The government plans to submit the draft budget to the Fiscal Council on around May 20, he said.
The bill was drafted with the war in mind, Gulyás said, adding that peace and a phasing out of sanctions would greatly increase the budget’s room for manoeuvre, making the country’s situation much easier.
During times of war, the defence budget has to be increased, he said. Amid these circumstances inflation is higher, too, he said, adding that the government continued to urge an immediate ceasefire and peace talks.
Meanwhile, Gulyás said the government is renewing frozen interest rates for retail borrowers and small and medium-sized businesses, and will keep the policy in place until the base rate drops to below 10 percent.
He noted that the interest rate freeze on retail loans was introduced in January 2022 and expanded to SMEs in November.

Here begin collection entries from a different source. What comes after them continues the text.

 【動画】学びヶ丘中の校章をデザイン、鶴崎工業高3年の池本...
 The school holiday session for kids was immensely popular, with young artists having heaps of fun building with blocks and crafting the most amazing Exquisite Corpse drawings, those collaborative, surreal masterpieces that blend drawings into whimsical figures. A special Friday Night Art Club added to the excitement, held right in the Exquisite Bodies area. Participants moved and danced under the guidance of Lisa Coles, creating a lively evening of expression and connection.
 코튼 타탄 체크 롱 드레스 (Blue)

The rate of inflation and, consequently, the base rate make it impossible to scrap the measure, he said.
As soon as the central bank base rate drops to below 10 percent, the government will phase out the freeze on interest on loans. The government expects inflation to fall into single digits by the end of the year, he noted.

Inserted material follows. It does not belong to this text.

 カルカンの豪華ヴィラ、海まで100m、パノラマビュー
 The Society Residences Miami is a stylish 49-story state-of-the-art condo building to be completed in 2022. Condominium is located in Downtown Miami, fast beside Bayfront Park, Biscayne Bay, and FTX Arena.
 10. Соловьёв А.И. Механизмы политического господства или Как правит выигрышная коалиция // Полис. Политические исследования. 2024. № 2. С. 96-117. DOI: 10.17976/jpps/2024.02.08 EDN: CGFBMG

Phasing out the rate freeze now would place too great a burden an many families and SMEs, Gulyás said. The extension of the rate freeze directly helps more than 300,000 families with over 1,360 billion forints (EUR 3.7bn) in credit, he said. The freeze saved them 80 billion forints in 2022 and 60 billion in the first half of 2023, he added.
The measure also affects more than 28,000 SMEs, with close to 1,000 billion forints in loans, and has saved them 80-85 billion forints since its introduction in November 2022, he added.
As regards the war in Ukraine, Gulyás said Pope Francis’s apostolic visit to Hungary late last month reaffirmed the government’s position that urges an immediate ceasefire and peace as “the only morally right one”.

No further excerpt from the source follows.